Write out exactly, and only, the lines below from the line with "Die Darsteller von" through the line with "The organic form"; pictures do not belong in the copy.

(Beginning of Excerpted records)

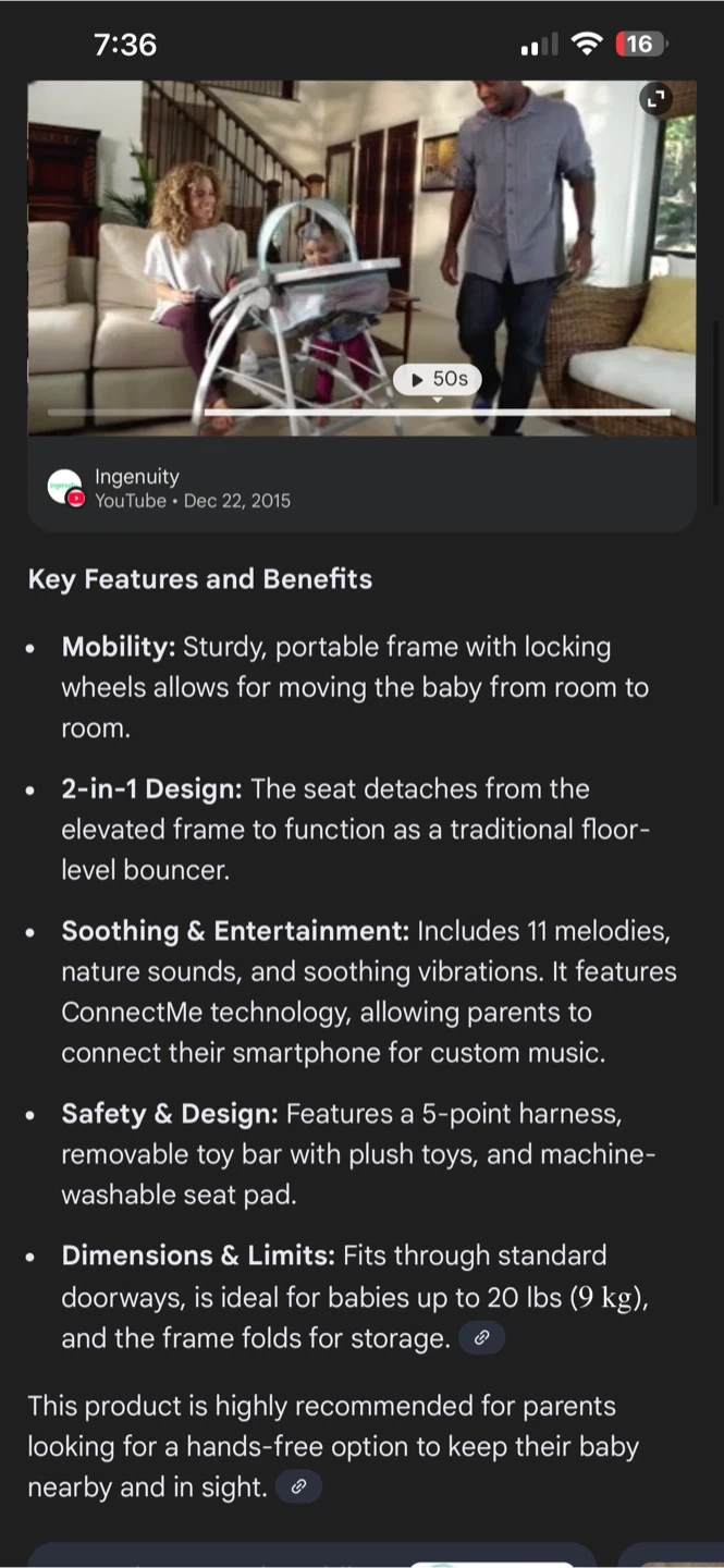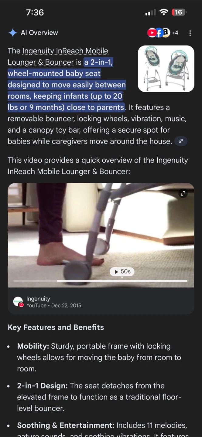 This Ingenuity InReach Mobile Lounger. It's designed to move easily between rooms and keep infants up to 20 lbs comfortable. Features include , locking wheels, vibration ( never used . Not sure if it works) music, and a canopy toy bar.
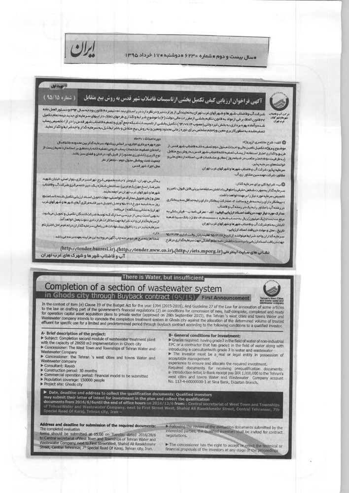 تکمیل تامین مالی و احداث مدول دوم تصفیه خانه فاضلاب شهرقدس از طریق واگذاری امتیاز استفاده از پساب تصفیه خانه فاضلاب شهر قدس به روش بیع متقابل (به ظرفیت 28650 متر مکعب در شبانه روز )،مطابق مشخصات فنی، استاندارد های ملی و خواسته های سرمایه پذیر.
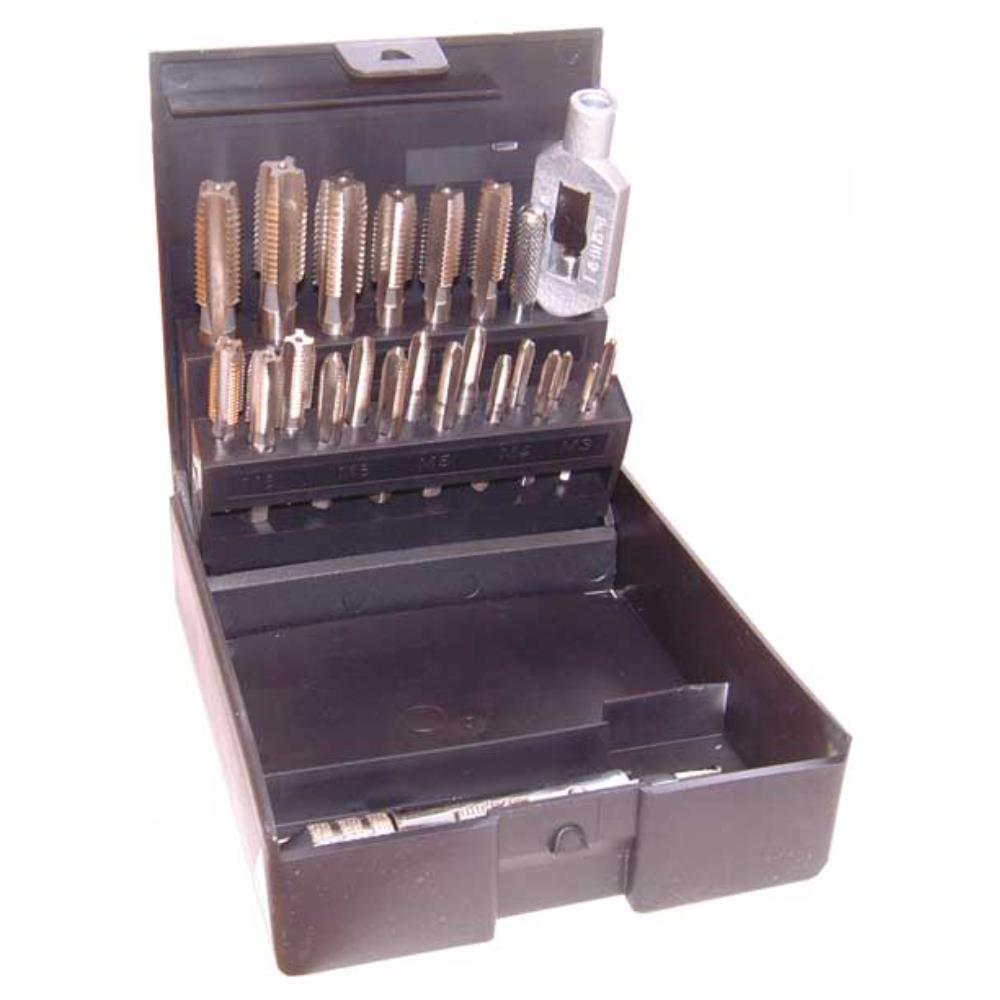 M3 – M12, 3 st mellantappar per dim. Innehåller även gängtappshållare med spärr samt ett svängjärn.
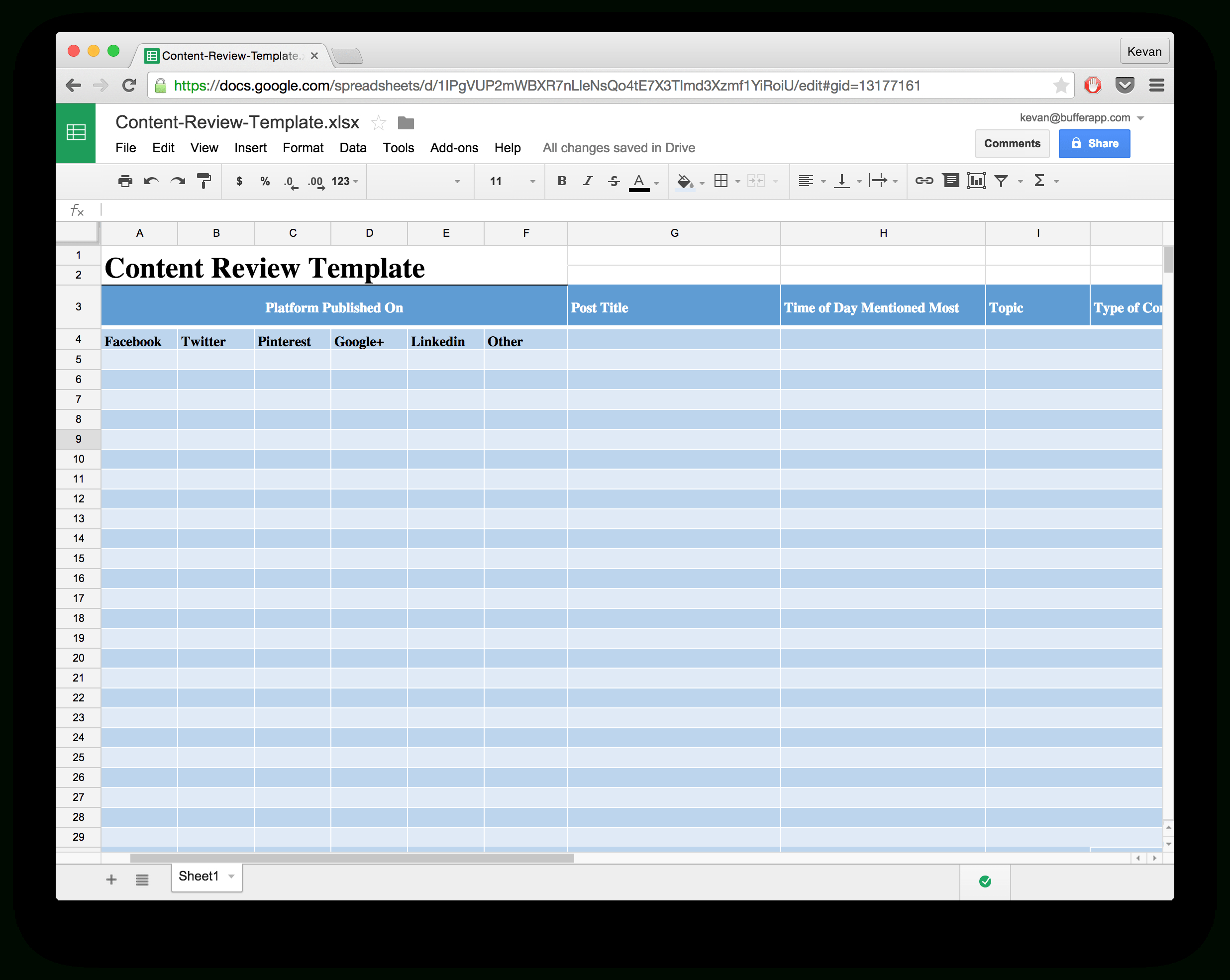 Organize your spreadsheet into separate sheets for each platform you’re tracking (e.g., Facebook, Instagram, Twitter, LinkedIn). Within each sheet, create columns for:
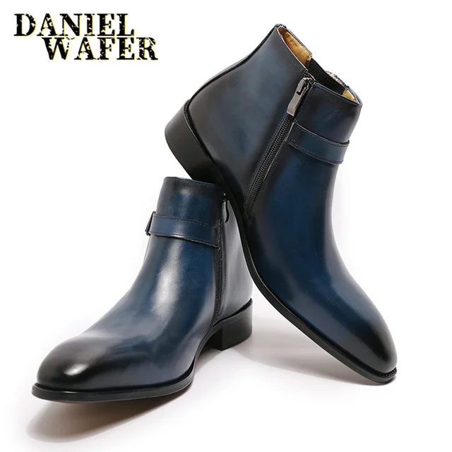 Homme Bottes Bottines Homme Boots En Cuir Pour Homme Top Vente En Ligne Bottines Zippees A Boucle Metallique Pour Homme Newchic
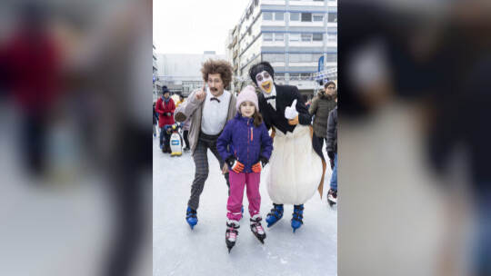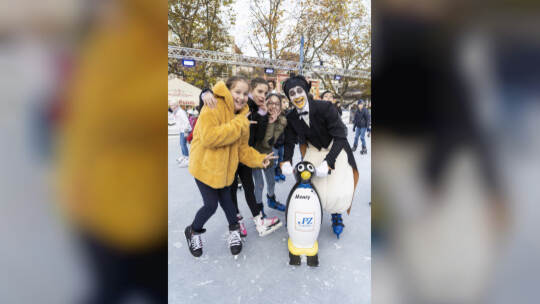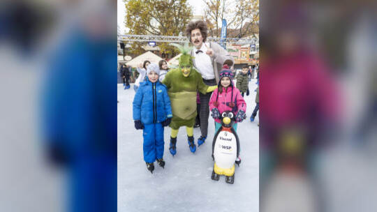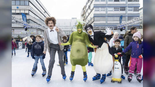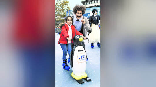 Die Darsteller von „Urmel aus dem Eis“ sind am Sonntagnachmittag zur großen Eisfläche in der Pforzheimer City gekommen und haben zahlreichen Kindern ein Lächeln ins Gesicht gezaubert.
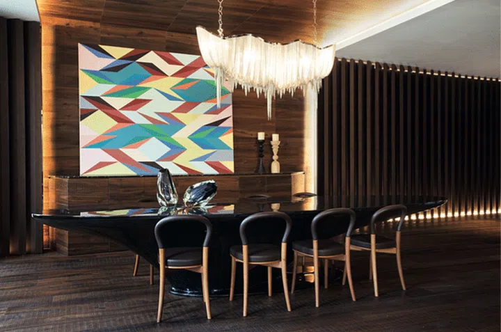 The organic form of the custom-made carbon fibre dining table is matched with the flowy jellyfish-inspired chandelier above. A vibrant painting above the sideboard injects energy into the space.
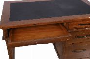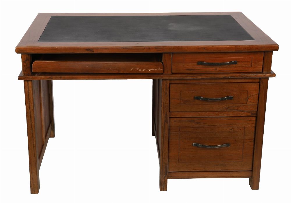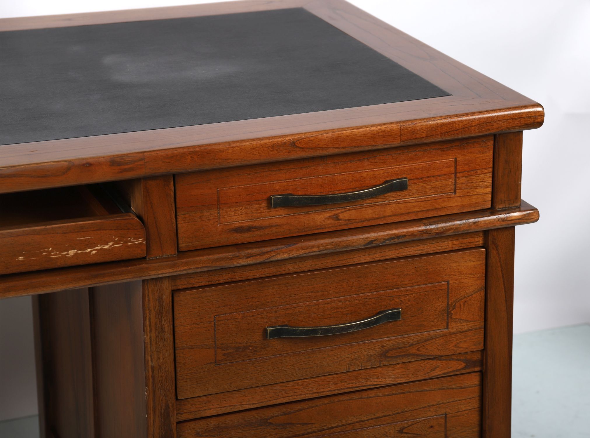 A substantial oak office desk with black leather inset top, fitted with drawers and filing compartments. Solid construction with a classic, practical layout for home or study use.
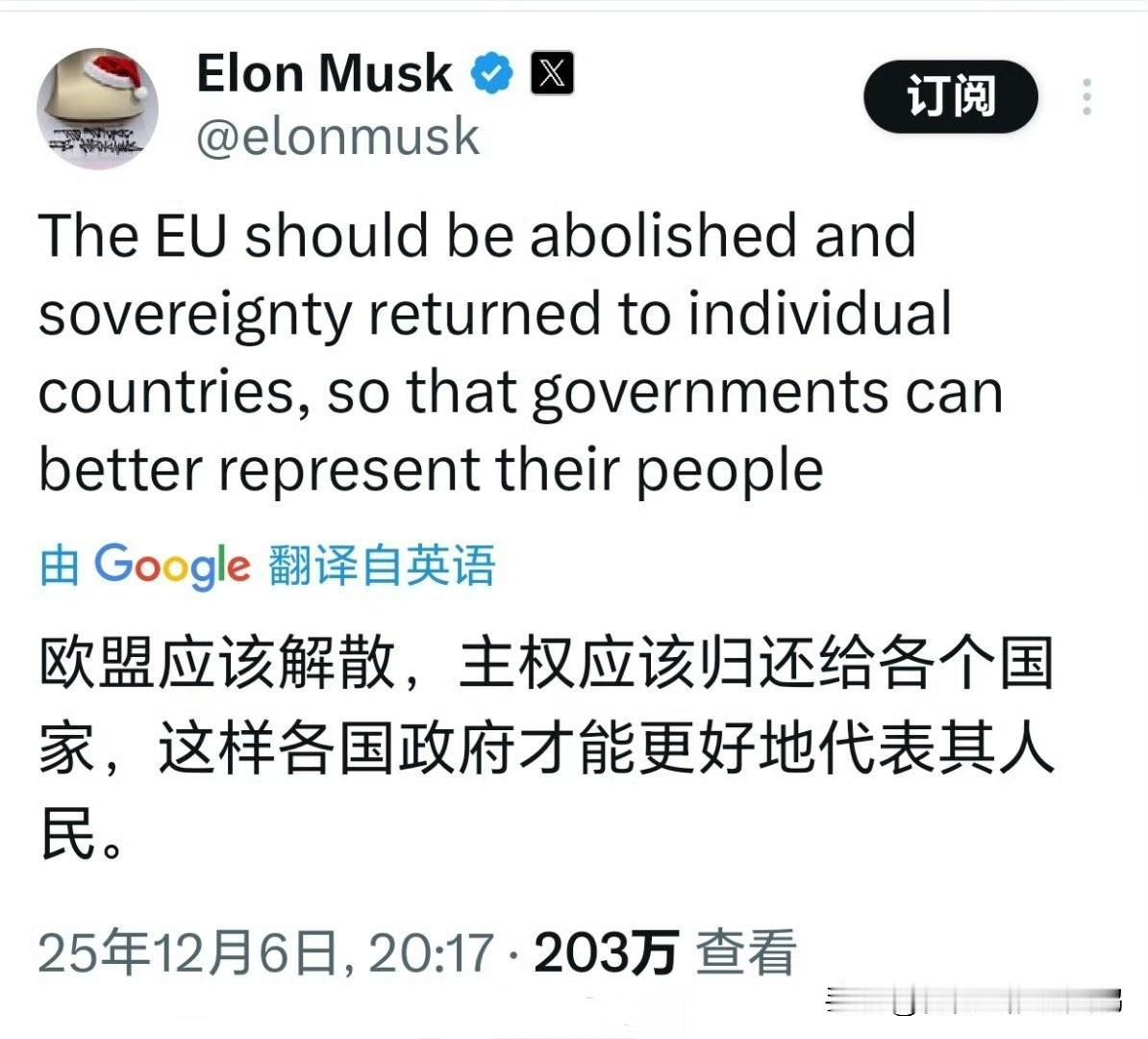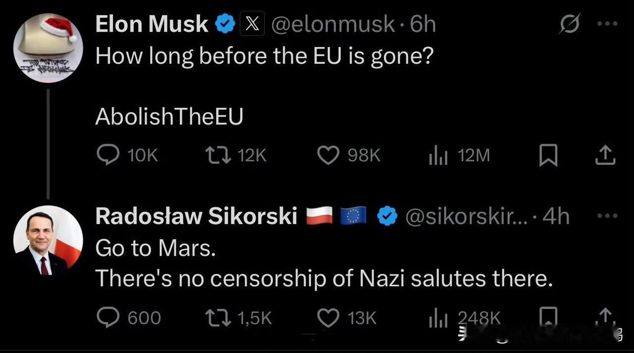 埃隆·马斯克问:“欧盟消失还要多长时间?” 大家都希望欧盟解散,特别是美国。 但依靠欧盟补贴输血的大波波和波罗的海三傻当然不乐意。 所以,大波波外长西科尔斯基气抖冷让马斯克去火星。 不久前,马斯克发文称,欧盟应该解散,主权应该归还给各个(加盟)国家,这样各国政府才能更好地代表其人民。 在肥鹅看来,马斯克的这番看法没毛病。 #马斯克呼吁欧盟解散# #梅德韦杰夫支持废除欧盟#
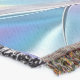 A blue, orange, gold and purple iridescent, metallic geometric design perfect for a blanket.
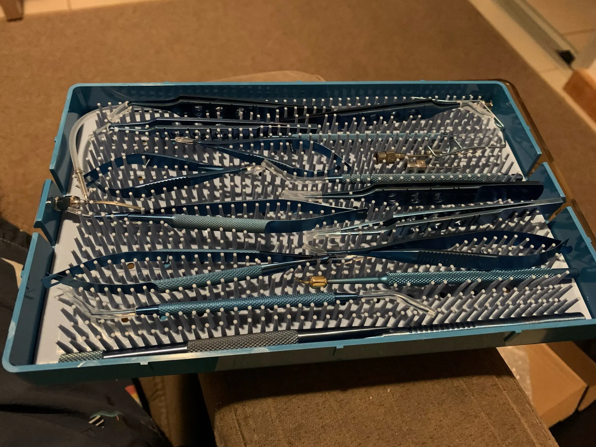 Описание: 1 ножницы для роговицы 2 катаракты ножницы память изогнутые наконечники 3 Микро-игольчатый держатель изогнутый Прямые Ножницы 4 Vannas Прямые изогнутые ножницы 5 ванн 6 спиральных щипцов роговицы прямые 7 пинцеты для капсулорексиса изогнутые, круглые наконечники 8 зажимных щипцов с коротким углом 9 зажимных щипцов прямые, платформа прямые 10 прямых зубчатых щипцов 11 держатель лезвия с пружиной 12 Настой наконечник катаракты с одной головкой конуса 13 Ирис Шпатель 14 наконечник в форме шара 15 IOL фиксационный крючок 16 IOL фиксация Крюк T тип Наконечник петли объектива 17 18 коаксиальный диафрагма I/A Cannula 0,3 мм 19 Posterior капсула полировщик короткий угловой 20 Ирис Шпатель Тип смыва 21 спектральная проволока для глаз

(End of Excerpted records)

## Result of this task
 Die Darsteller von „Urmel aus dem Eis“ sind am Sonntagnachmittag zur großen Eisfläche in der Pforzheimer City gekommen und haben zahlreichen Kindern ein Lächeln ins Gesicht gezaubert.
 The organic form of the custom-made carbon fibre dining table is matched with the flowy jellyfish-inspired chandelier above. A vibrant painting above the sideboard injects energy into the space.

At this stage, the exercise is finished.